Таня днем ходила в поселок купить в магазине хлеб и сахар, но случившиеся там бабы опять потащили ее по домам, набрали еще кучу барахла, вполне исправного, но давно отправленного на последнюю пенсию — лежку в кладовки. И все эти разнокалиберные чуть потертые туфли, сапожки, кофточки, брючки, платья, более не вмещавшие разъевшихся хозяек, — все это вовлекло Таню в маленький круговорот, — она расположилась прямо за домиком, со стороны моря, поставила большой осколок зеркала на завалинок и крутилась перед ним, всецело отдавшись тому, что уносит женщину из мира, лишает ее сознания и времени. Но теперь она собрала барахлишко, на цыпочках прошла в дом. И даже есть не стала, забралась в каморку, завесила вход, зажгла свечной огарок на тонкой дощечке, пристроила в изголовье и залезла под тяжелое ватное одеяло, подаренное бабкой Маней. Лежала, прямая, напряженная, сосредоточенная на шорохах, которые очерчены были тьмой. И вдыхала тяжелый дух от одеяла: пахло такими вековечными закутами, сараями, старостью, что если бы не страх перед темнотой, скинула бы. Свечка таяла, и у ног тьма поднималась вязкой массой, и ноги будто проваливались в болото. А по лицу тянуло сквозняком — занавесь шевелилась, приоткрывая черную щель ночи. Таня отважилась дунуть на огонек, и ее совсем утянуло в болото. С головой залезла под одеяло, зажмурилась, стала выстраивать караван белых и черных верблюдов. «Раз, два, три…» Но призраки горбатых животных, плоские, будто вырезанные из бумаги, не умея двигаться, осыпались один за другим с воображаемого полотна. Страх окончательно смял ее…

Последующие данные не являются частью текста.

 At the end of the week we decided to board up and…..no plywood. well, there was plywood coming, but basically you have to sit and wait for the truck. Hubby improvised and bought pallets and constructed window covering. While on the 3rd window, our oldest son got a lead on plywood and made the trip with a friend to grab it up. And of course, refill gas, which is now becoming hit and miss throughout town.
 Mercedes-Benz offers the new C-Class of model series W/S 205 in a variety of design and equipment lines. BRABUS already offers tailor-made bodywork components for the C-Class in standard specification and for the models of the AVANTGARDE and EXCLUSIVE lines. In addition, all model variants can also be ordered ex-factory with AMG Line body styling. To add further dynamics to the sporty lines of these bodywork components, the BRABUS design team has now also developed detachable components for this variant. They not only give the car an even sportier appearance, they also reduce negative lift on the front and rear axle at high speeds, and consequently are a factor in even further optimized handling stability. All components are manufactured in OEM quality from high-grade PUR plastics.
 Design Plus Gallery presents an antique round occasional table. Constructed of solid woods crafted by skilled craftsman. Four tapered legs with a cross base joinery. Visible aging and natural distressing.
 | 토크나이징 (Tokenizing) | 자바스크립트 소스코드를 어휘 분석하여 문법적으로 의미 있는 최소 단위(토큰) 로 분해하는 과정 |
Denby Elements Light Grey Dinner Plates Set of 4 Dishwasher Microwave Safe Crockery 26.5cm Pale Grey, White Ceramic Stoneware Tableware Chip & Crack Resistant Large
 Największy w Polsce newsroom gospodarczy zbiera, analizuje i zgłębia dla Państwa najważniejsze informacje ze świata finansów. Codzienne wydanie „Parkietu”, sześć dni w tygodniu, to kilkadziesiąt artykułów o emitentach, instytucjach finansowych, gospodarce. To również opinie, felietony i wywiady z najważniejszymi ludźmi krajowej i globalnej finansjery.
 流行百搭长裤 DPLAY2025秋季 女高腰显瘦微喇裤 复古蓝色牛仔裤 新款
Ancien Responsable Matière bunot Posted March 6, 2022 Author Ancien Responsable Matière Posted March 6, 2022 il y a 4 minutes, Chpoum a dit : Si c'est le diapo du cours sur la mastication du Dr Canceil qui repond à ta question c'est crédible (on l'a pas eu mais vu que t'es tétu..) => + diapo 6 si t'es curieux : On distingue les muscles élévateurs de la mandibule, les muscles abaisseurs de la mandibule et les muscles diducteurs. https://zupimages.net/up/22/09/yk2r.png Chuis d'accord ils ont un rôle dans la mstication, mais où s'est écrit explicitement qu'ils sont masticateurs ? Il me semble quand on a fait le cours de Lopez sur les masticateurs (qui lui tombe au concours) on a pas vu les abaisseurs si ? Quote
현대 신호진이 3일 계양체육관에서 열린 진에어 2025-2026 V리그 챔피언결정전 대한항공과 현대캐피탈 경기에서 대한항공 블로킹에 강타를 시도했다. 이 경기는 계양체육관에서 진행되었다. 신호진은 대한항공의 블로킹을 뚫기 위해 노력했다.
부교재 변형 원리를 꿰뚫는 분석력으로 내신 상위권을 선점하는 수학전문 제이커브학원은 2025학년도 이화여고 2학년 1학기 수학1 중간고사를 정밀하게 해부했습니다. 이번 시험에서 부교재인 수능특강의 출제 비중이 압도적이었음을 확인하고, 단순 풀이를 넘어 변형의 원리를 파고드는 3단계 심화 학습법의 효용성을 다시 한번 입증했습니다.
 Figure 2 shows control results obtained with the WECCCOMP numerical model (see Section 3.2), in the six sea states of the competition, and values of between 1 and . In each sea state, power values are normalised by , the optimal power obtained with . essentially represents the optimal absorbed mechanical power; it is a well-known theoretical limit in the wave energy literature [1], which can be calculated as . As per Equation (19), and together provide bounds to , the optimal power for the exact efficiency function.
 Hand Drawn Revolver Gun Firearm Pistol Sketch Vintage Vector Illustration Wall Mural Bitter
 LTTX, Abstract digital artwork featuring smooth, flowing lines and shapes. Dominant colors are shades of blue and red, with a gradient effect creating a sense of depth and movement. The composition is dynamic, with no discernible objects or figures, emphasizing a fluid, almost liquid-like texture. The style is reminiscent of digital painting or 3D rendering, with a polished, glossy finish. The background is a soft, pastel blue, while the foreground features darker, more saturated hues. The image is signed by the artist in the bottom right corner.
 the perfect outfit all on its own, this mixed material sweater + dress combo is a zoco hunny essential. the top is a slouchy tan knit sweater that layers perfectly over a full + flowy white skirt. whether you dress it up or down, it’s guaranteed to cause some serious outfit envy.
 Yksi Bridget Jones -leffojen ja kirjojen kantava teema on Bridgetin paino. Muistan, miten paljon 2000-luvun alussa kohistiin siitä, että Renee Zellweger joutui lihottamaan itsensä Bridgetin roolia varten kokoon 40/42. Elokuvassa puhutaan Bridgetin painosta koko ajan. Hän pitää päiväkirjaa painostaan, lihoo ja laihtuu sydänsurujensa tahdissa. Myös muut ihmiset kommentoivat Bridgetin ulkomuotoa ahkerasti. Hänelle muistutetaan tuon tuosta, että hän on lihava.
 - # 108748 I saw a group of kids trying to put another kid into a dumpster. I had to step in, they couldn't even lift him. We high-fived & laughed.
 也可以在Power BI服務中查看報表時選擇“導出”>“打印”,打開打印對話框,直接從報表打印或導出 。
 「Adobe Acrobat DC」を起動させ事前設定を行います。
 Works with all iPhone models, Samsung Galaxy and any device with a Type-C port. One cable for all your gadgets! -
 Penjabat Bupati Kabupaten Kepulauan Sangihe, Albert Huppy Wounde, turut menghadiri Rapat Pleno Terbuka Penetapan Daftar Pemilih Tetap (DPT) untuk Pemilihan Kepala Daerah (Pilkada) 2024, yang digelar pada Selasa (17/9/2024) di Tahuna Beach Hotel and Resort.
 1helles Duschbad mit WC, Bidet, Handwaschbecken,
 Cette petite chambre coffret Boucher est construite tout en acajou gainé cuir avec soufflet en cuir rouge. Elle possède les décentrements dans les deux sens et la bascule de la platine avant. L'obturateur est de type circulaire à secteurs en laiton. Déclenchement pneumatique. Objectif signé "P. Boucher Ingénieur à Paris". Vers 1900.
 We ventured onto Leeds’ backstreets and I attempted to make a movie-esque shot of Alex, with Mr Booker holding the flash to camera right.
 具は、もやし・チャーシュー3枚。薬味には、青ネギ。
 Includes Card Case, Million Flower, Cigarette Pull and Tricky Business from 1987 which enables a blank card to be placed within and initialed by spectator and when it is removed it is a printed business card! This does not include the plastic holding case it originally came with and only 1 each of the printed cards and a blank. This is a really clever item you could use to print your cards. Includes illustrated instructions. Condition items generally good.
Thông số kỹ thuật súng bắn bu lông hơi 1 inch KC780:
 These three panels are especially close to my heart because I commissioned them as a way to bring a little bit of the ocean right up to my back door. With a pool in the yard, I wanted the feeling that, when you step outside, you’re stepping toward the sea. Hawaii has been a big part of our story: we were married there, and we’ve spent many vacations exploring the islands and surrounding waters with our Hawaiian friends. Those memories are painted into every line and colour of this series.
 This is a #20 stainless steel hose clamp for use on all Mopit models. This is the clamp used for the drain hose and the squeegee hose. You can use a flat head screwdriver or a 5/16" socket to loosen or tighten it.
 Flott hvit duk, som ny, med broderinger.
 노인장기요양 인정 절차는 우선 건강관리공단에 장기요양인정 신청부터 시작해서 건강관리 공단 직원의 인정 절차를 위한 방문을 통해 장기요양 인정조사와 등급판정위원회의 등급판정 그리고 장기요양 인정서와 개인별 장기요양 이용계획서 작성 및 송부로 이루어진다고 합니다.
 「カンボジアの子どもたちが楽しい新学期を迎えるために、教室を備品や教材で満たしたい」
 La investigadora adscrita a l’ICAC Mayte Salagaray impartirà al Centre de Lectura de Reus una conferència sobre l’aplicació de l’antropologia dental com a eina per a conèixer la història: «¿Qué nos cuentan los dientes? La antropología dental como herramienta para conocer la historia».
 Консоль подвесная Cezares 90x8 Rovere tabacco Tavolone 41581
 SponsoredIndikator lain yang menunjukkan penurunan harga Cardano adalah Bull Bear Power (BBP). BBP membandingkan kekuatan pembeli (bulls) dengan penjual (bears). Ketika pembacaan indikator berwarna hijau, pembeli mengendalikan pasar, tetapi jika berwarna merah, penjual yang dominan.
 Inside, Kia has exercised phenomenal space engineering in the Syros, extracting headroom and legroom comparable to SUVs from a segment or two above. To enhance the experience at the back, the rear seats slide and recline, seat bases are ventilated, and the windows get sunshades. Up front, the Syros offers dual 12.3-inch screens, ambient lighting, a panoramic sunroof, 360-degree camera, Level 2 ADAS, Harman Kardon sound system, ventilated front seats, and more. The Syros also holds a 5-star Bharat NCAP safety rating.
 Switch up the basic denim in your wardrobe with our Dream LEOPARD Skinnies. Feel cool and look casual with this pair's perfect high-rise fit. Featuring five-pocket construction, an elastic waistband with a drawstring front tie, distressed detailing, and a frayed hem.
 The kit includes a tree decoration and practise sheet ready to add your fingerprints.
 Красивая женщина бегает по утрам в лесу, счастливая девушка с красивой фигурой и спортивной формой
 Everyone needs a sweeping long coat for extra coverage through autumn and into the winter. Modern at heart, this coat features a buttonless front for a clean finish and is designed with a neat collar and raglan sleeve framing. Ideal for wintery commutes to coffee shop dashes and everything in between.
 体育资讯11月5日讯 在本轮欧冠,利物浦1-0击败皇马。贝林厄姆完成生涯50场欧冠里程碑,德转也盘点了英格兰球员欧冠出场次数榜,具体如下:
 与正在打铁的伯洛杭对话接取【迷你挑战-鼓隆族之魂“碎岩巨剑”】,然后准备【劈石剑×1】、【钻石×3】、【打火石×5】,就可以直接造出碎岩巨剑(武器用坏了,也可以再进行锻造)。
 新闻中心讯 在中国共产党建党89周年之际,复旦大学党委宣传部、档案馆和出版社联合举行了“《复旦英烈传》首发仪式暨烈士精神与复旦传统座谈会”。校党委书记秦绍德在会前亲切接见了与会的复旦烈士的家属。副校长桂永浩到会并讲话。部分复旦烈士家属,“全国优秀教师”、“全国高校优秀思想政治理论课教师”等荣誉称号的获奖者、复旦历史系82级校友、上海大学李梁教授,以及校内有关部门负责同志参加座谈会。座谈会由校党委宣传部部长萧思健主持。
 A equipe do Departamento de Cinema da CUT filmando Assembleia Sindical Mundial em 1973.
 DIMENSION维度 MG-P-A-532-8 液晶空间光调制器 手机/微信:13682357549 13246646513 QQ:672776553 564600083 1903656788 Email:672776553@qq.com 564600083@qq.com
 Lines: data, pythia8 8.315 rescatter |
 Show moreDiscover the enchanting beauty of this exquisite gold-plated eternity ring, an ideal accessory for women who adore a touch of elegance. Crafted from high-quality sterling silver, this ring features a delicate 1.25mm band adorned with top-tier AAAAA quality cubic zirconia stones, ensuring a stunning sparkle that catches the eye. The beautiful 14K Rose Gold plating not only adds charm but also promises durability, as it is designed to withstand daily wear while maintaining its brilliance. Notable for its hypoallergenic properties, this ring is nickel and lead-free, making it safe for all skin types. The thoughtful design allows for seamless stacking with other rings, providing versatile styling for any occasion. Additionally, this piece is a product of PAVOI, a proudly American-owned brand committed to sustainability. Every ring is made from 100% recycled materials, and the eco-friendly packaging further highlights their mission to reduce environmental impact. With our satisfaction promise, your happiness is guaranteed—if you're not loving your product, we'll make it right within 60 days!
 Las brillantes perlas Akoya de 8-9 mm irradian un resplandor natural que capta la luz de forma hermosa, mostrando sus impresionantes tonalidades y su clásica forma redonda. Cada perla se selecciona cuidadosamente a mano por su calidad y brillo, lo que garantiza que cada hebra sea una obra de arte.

Кто-то ходил вокруг домика. Кажется, хрустнула щепка под чужой ногой. Таня робко высунулась из-под одеяла, с ужасом прислушалась: тишина. Опять зажмурилась. Шея заныла от неудобного положения, но она не смела повернуться и все торопливо думала где-то на самом дне разума: «Мне показалось, показалось… Никого, никого… Спать, спать… Раз, два, три…» Кто-то посапывал заросшим шерстью носом возле домика. «Раз! Два! Три!.. Господи, как же мне плохо так…» И все продолжала считать — неистово, с запалом, как считала бы секунды перед запуском грандиозного фейерверка, перед взрывом динамита: «Раз! Два! Три!»
Вместо истонченных бумажных верблюдов проявлялась из тьмы широкая рожа громадного черного мужичины… «Ничего этого нет, нет, наверху тихая сладкая ночь и звезды…» Мужичина шарил ручищей по стене домика, будто сам ослеп и не видел входа. Наверное, шкура на его ладонях была груба от мозолей и трещин, а на пальцах отросли могучие когти, раз уж получался такой душераздирающий скребущийся звук, когда проводил ручищей по ветхой стене. Он медленно прозревал — замер у окна, не заделанного полиэтиленом, посмотрел в домик и прошел, опираясь о стену, к дверному проему — полусгнившая половая доска на входе вякнула придавленной собачонкой, домик дрогнул. Он постоял еще с минуту. Сквозняком стало доносить запах копоти. И тогда Таня совершенно отчетливо поняла, что за пологом действительно кто-то стоит.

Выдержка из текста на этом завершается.